Create Your Own Spell Checker
Objective: Creating a spell checker, correct the incorrect word in the given sentence.
Problem Statement: While typing or sending any message to person, we generally make 
spelling mistakes. Write a script which will correct the misspelled words in a sentence. 
The input will be a raw string and the output will be a string with the case normalized 
and the incorrect word corrected.
Domain: General
Analysis to be done: Words availability in corpus
Content: 
Dataset: None
We will be using NLTK’s inbuilt corpora (words, stop words etc.) and no specific dataset.
Steps to perform:
While there are several approaches to correct spelling , you will use the Levenshtein or 
Edit distance approach. 
The approach will be straightforward for correcting a word: 
▪ If the word is present in a list of valid words, the word is correct.
▪ If the word is absent from the valid word list, we will find the correct 
word, i.e., the word from the valid word list which has the lowest edit 
distance from the target word.
Once you define a function, you will iterate over the terms in the given sentence, 
correct the words identified as incorrect, and return a joined string with all the terms. 
To help speed up execution, you won’t be applying the spell check on the stop words
and punctuation.
Tasks: 
1. Get a list of valid words in the English language using NLTK’s list of words (Hint: 
use nltk.download(‘words’) to get the raw list.
2. Look at the first 20 words in the list.
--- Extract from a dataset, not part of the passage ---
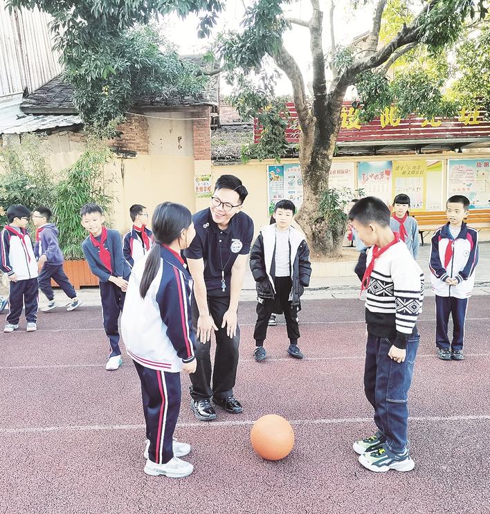 翁國亮永遠也忘不了孩子們在體育課上歡樂的笑聲和渴盼的眼神。“真正感受到籃球樂趣的眼神,是騙不了人的。”上完課后,二年級學生小林同學在翁國亮身邊轉悠了好幾圈,“老師,你下周還來不來教我們打籃球?”小林問著,“來!下周老師看你有沒有進步哦!”聽到翁國亮肯定的回答,小林開心地跑開,在操場上留下一串笑聲。
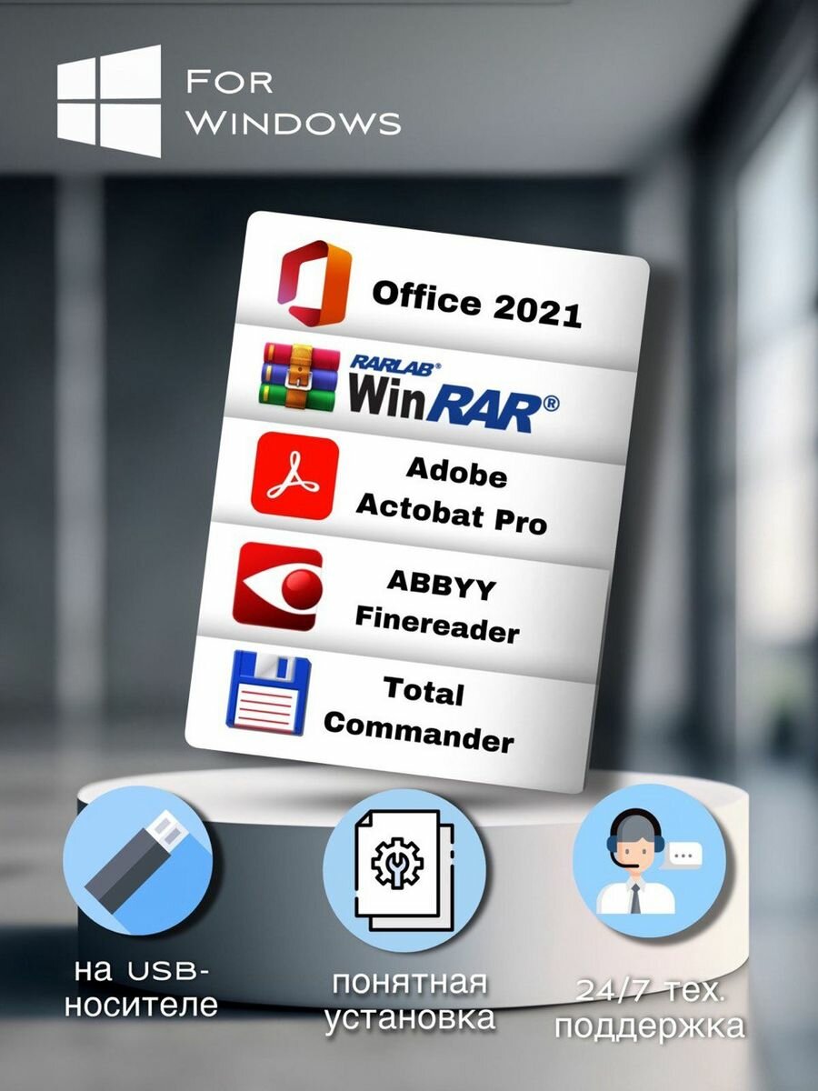 | Состав пакета | office 2021, WinRAR, ABBYY FineReader, Total Commander, Adobe Acrobat Pro DC |

Is the casing normalized?
3. Normalize the casing for all the terms.
4. Some duplicates would have been induced, create unique list after normalizing.
5. Create a list of stop words which should include: 
i. Stop words from NLTK
ii. All punctuations (Hint: use ‘punctuation’ from string module)
iii. Final list should be a combination of these two
6. Define a function to get correct a single term
• For a given term, find its edit distance with each term in the valid word 
list. To speed up execution, you can use the first 20,000 entries in the 
valid word list.
• Store the result in a dictionary, the key as the term, and edit distance as 
value.
• Sort the dictionary in ascending order of the values.
• Return the first entry in the sorted result (value with minimum edit 
distance).
• Using the function, get the correct word for committee.
7. Make a set from the list of valid words, for faster lookup to see if word is in valid 
list or not.
8. Define a function for spelling correction in any given input sentence:
1. To tokenize them after making all the terms in lowercase 
For each term in the tokenized sentence:
2. Check if the term is in the list of valid words (valid_words_set).
3. If yes, return the word as is.
4. If no, get the correct word using get_correct_term function.
5. To return the joined string as output.
9. Test the function for the input sentence “The new abacos is great”.

In [1]:
import nltk

In [2]:
nltk.download('stopwords')

[nltk_data] Downloading package stopwords to
[nltk_data]     C:\Users\SIRISHA\AppData\Roaming\nltk_data...
[nltk_data]   Package stopwords is already up-to-date!


True

In [3]:
nltk.download('words')

[nltk_data] Downloading package words to
[nltk_data]     C:\Users\SIRISHA\AppData\Roaming\nltk_data...
[nltk_data]   Unzipping corpora\words.zip.


True

In [8]:
from nltk.corpus import words, stopwords
from string import punctuation
from collections import defaultdict

In [24]:
# Task 1: Get a list of valid words in the English language
valid_words = words.words()

In [25]:
print(valid_words[:10])

['A', 'a', 'aa', 'aal', 'aalii', 'aam', 'Aani', 'aardvark', 'aardwolf', 'Aaron']


In [26]:
valid_words_lower = [word.lower() for word in valid_words]
valid_words_lower = list(set(valid_words_lower))
print(valid_words_lower[:10])

['botryopterid', 'ridgingly', 'scattered', 'refashionment', 'menacement', 'patriarch', 'monte', 'salicylamide', 'trichogynial', 'uncatholic']


In [27]:
stop_words = set(stopwords.words('english')).union(set(punctuation))

In [28]:
from nltk.metrics import edit_distance

def get_correct_term(target_word, valid_words):
    edit_distances = {}
    for word in valid_words:
        if word[0] == target_word[0]:
            distance = edit_distance(target_word, word)
            edit_distances[word] = distance
        else:
            continue
    sorted_edits = sorted(edit_distances.items(), key=lambda x: x[1])
    return sorted_edits[0][0] 


In [29]:
valid_words_set = set(valid_words_lower)

In [30]:
def correct_spelling(sentence):
    tokenized_sentence = nltk.word_tokenize(sentence.lower())
    corrected_sentence = []
    
    for word in tokenized_sentence:
        if word in valid_words_set:
            corrected_sentence.append(word)
        else:
            correct_word = get_correct_term(word, valid_words_lower)
            corrected_sentence.append(correct_word)
    
    # Return the joined string as output
    return ' '.join(corrected_sentence)


In [36]:
# Task 9: Test the function for the input sentence "The new abacos is great"
sentence = "The new abacos is great"
corrected_sentence = correct_spelling(sentence)
print(corrected_sentence)

the new abacus is great